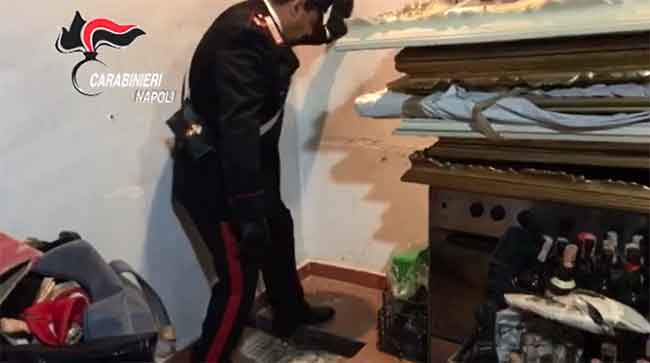 Un fucile mitragliatore da guerra carico e con 2 caricatori, cocaina, marijuana, sostanze da taglio e materiale per il confezionamento in dosi. Il tutto in un nascondiglio ricavato sotto la cantina da una coppia di coniugi ritenuta contigua al clan Gionta, nascondiglio al quale si accedeva attraverso una botola a scorrimento.
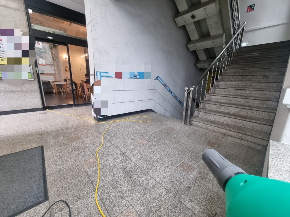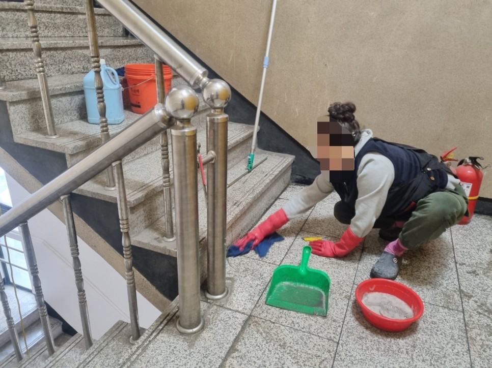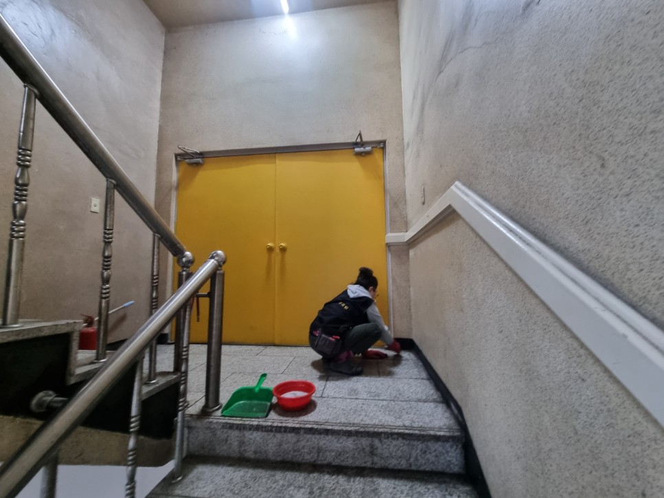 계단에 있는 모든 이물질과 먼지가 많아 대청소
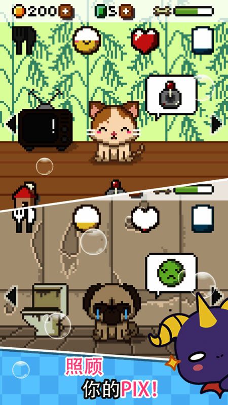 养宠物已经是大多数人的爱好,养只宠物可以陪伴自己,让自己不再孤单。《Pix我的虚拟宠物》是一款像素发个的模拟宠物养成游戏,玩家在游戏中需要养成自己的宠物,照顾自己宠物的,需要把他们照顾的好好的。在他们饥饿的时候给他们食物,并为他们清洁。
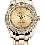 Basic Information Number: m81318-0018 Brand: Rolex Series: PEARLMASTER Movement Type: Automatic Gender: Women’s Movement Model: Cal.2235 Movement Type: Automatic Manufacturer: Rolex Movement Diameter: 20mm Movement Thickness: 5.95mm Frequency: 28,800 vibrations per hour Hairspring: Parachrom Shock Absorber: Paraflex Jewel count: 31; Power reserve: 48 hours; Technical certification: Superlative Chronometer certification; Appearance: Case diameter: 34 mm; Case thickness: Not available; Dial color: Gold; Dial shape: Round; Strap color: Gold; Clasp type: Folding clasp, concealed crown buckle; Case back: Solid; Weight: Not available; Water resistance: 100 meters; Hour markers: Bat markers; Luminous; Clasp spacing: Not available; Lug spacing: Not available; Materials: Case material: 18k gold; Dial material: Not available; Bezel material: 18k gold with diamonds; Crystal material: Scratch-resistant sapphire crystal, anti-reflective; Cyclops lens with magnifying date window; Crown material: 18k gold; Strap material: 18k gold, pearl-shaped, five-link clasp; Clasp material: 18k gold; Functions: Date display
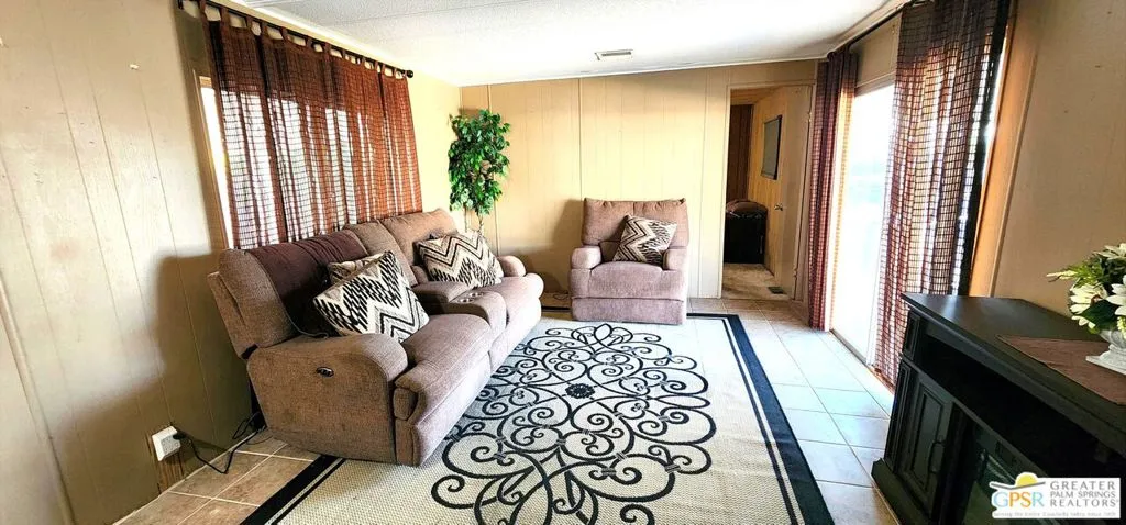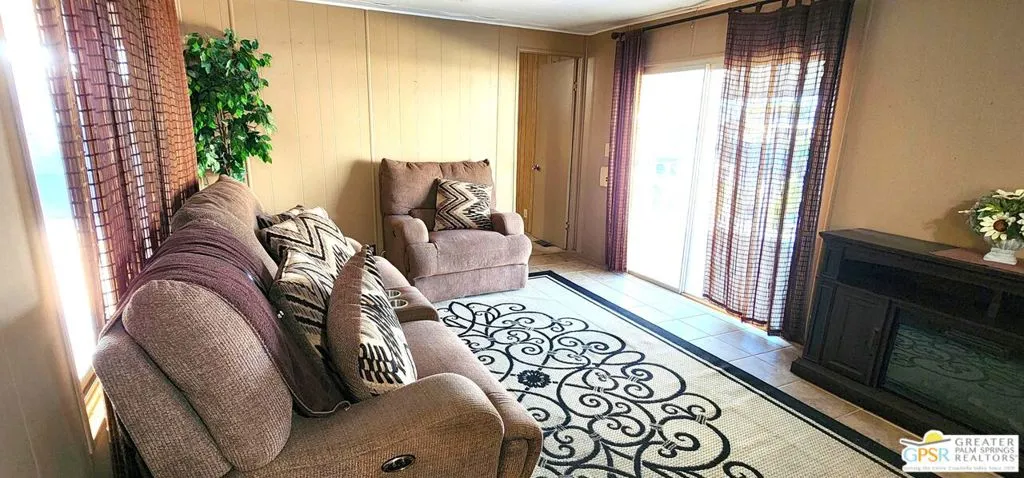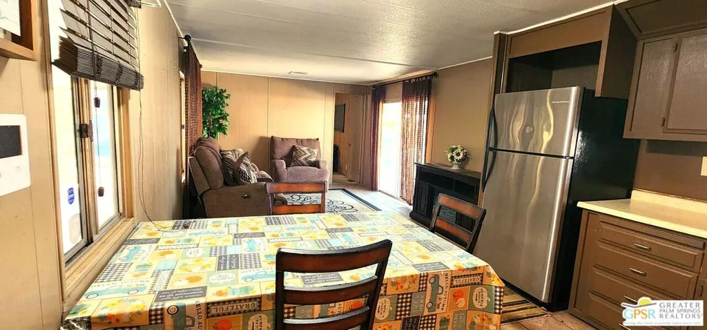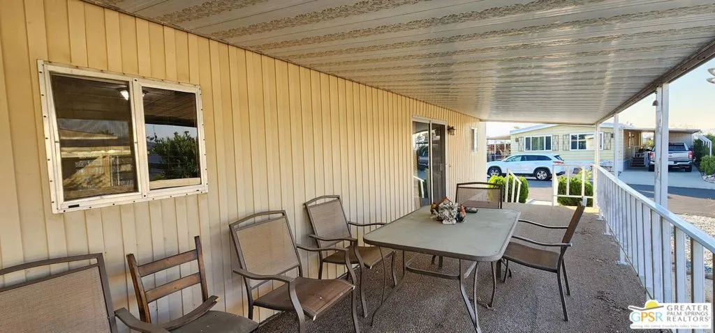 Discover an affordable gem in Desert Crest Country Club! This cozy and furnished 2-bedroom, 2-bath home offers 672sqft of easy-care living with peek-a-boo mountain views and a versatile covered patio for relaxing or entertaining. Enjoy the convenience of a covered carport and a handy washer/dryer located in the exterior shed. The home is move-in ready, yet offers plenty of potential to add your own personal touches. Ideal for buyers seeking value in an active 55+ community with resort-style amenities including a mineral spring pool, hot spas, golf course, and clubhouse. This inviting retreat won’t last long!
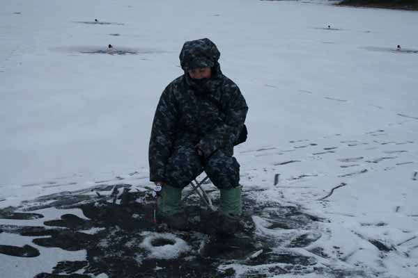 И вот 26 с женой поехали на рыбалку.Маленько опаздали к рассвету.На льду уже сидели рыбаки.

+===+

▶ _WHAT YOU ARE ASKED TO DO_
Copy each line of the material above exactly, but not the images.

▶ _RESPONSE_
 Un fucile mitragliatore da guerra carico e con 2 caricatori, cocaina, marijuana, sostanze da taglio e materiale per il confezionamento in dosi. Il tutto in un nascondiglio ricavato sotto la cantina da una coppia di coniugi ritenuta contigua al clan Gionta, nascondiglio al quale si accedeva attraverso una botola a scorrimento.
 계단에 있는 모든 이물질과 먼지가 많아 대청소
 养宠物已经是大多数人的爱好,养只宠物可以陪伴自己,让自己不再孤单。《Pix我的虚拟宠物》是一款像素发个的模拟宠物养成游戏,玩家在游戏中需要养成自己的宠物,照顾自己宠物的,需要把他们照顾的好好的。在他们饥饿的时候给他们食物,并为他们清洁。
 Basic Information Number: m81318-0018 Brand: Rolex Series: PEARLMASTER Movement Type: Automatic Gender: Women’s Movement Model: Cal.2235 Movement Type: Automatic Manufacturer: Rolex Movement Diameter: 20mm Movement Thickness: 5.95mm Frequency: 28,800 vibrations per hour Hairspring: Parachrom Shock Absorber: Paraflex Jewel count: 31; Power reserve: 48 hours; Technical certification: Superlative Chronometer certification; Appearance: Case diameter: 34 mm; Case thickness: Not available; Dial color: Gold; Dial shape: Round; Strap color: Gold; Clasp type: Folding clasp, concealed crown buckle; Case back: Solid; Weight: Not available; Water resistance: 100 meters; Hour markers: Bat markers; Luminous; Clasp spacing: Not available; Lug spacing: Not available; Materials: Case material: 18k gold; Dial material: Not available; Bezel material: 18k gold with diamonds; Crystal material: Scratch-resistant sapphire crystal, anti-reflective; Cyclops lens with magnifying date window; Crown material: 18k gold; Strap material: 18k gold, pearl-shaped, five-link clasp; Clasp material: 18k gold; Functions: Date display
 Discover an affordable gem in Desert Crest Country Club! This cozy and furnished 2-bedroom, 2-bath home offers 672sqft of easy-care living with peek-a-boo mountain views and a versatile covered patio for relaxing or entertaining. Enjoy the convenience of a covered carport and a handy washer/dryer located in the exterior shed. The home is move-in ready, yet offers plenty of potential to add your own personal touches. Ideal for buyers seeking value in an active 55+ community with resort-style amenities including a mineral spring pool, hot spas, golf course, and clubhouse. This inviting retreat won’t last long!
 И вот 26 с женой поехали на рыбалку.Маленько опаздали к рассвету.На льду уже сидели рыбаки.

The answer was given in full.